Shortly before I left England, I’d been approached by another old face from the old country.
“Hi there. I heard you were coming over. Do you fancy a trip up north? We can meet up and I’ll show what life’s really like up here”.
It was a three hour drive up from Efrat and that was lovely, spending some quality time with Antony in the car, just chewing the fat, just being mates. I found out some stuff about why he was here, tales of getting bullied, beaten up for being a Jew (the familiar “Fuck off back to where you come from” stuff), tales of family in the Holocaust… The sort of stuff that makes the words “a Jewish state” sound very reassuring and very appealing.
We were supposed to meet in “my village” Kfar Veradim in the Galilee, but Kfar Veradim is far from a village. Another new town, bigger than Efrat, Kfar Veradim was established in 1982 and is green and well-laid out with big wide streets and statues. It looks curious, an affluent oasis in the hills of the north. There’s a vibrant industrial estate where SanDisk has its HQ and hi-tech companies share space with car companies. The car park’s full and bright young things walk around looking cool and hip. The potted plants gleam and the glass and chrome shines.
Natan had said he’d introduce me to Lt. Col. Sarit Zehavi, CEO and founder of the Alma Research and Education Center and, listen I’m up for anything interesting but this is where it got a bit weird.

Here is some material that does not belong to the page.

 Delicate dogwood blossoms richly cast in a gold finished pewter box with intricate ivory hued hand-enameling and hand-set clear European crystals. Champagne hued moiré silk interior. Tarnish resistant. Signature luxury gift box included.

We had coffee and chatted about the old days and what we were doing now, about Spurs – like all proper Spurs fans, we had nothing but disappointment and negativity in the new season – and just chatted like mates. Then he said “Come, let’s go and meet Sarit”.

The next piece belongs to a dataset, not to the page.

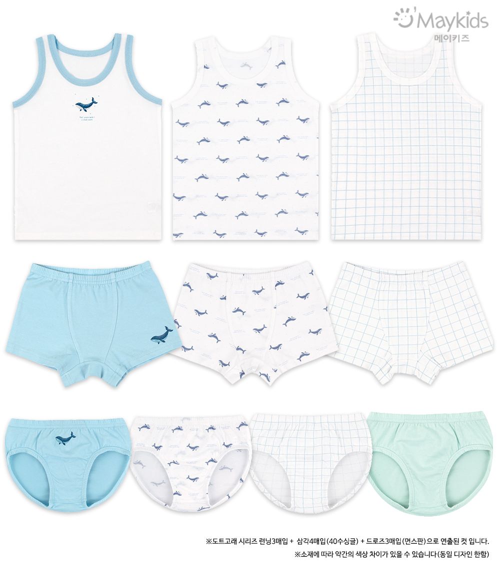 韓國 Maykids - (3入組)男寶無螢光輕柔棉彈性四角褲-格紋X鯨魚

So we drove to the industrial estate where there was an office block – all atrium and light, lots of those potted plants and cool looking people – and went up to the Alma offices.

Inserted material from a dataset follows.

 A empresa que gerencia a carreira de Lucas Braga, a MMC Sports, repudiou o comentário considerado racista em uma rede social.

Sarit was – and I hope she doesn’t mind me saying this – fit in every sense. She was very attractive, but clearly sharp as a tack and bright as a button. She was also very clearly not to be messed with. Let’s put it this way. No one was going to be making glib sexist comments to Sarit.
“So Natan tells me you have a blog. Tell me, what’s the reach and who is your audience?”
What’s the reach and who is my audience? “Well, I sometimes put it on Facebook, got 15 likes once. My wife thinks it’s very good…”
I think it took Sarit about…. hmmm, a couple of seconds to work out the lay of the land, but – bless her – she’d allotted me the time so I was going to get the treatment.
Actually, she was a sweetheart and we got on great. Up north is right by the border with Lebanon and up here the story isn’t Palestine, it’s Hezbollah and Iran. There’s also
“Jed, tell me. What’s going on in England? Is everything I’m reading true?”
Everyone here loves that story.
The situation in the north is very tricky and very real. Not that you’d know it from the press in the UK which seems to think that Israel is the root of all evil in the Middle East, but Iran is a serious threat and has very dangerous expansionist ideas – dangerous not just to Israel but to the whole region and therefore the world. That Corbyn has appeared on and taken money from Press TV, Iran’s state TV propaganda channel… Oh, don’t start me. You see what you’ve done now?
We spent most of the day with Sarit and she was a sweetie. Despite pretty quickly figuring me for what I am – a nice bloke whose wife sometimes likes his blog – she was a sweetie. We went up to a lookout point where she gave me a pair of proper army binoculars and she showed me the border, where Hezbollah have their weapons, where the rocket launchers are and she explained what they could do.
It’s beautiful up there, the hills, the clean air. But I’m not sure I could live up there with all the bomb shelters and the rockets aimed at me and my family. As we drove back to Kfar Veradim and to lunch, the thought occurred – and not for the first time – you’ve got to really want to live here to live here. The people up here have a certainty and a there’s very little in the way of introspection. They were properly lovely to me – well, OK, I’m an influential social media influencer with a hard core, devoted readership and I was going to speak to her later – so maybe it’s not surprising they were nice to me, but they’re properly proud of their place, of what they’ve achieved.
We went to lunch at a local Druze cafe, and as we sat there eating a substantial meze, I mulled. It takes a special kind of person to build communities like Kfar Veradim and to live there – really, a bijou flat in the centre of Brighton is much easier – and so full power to them.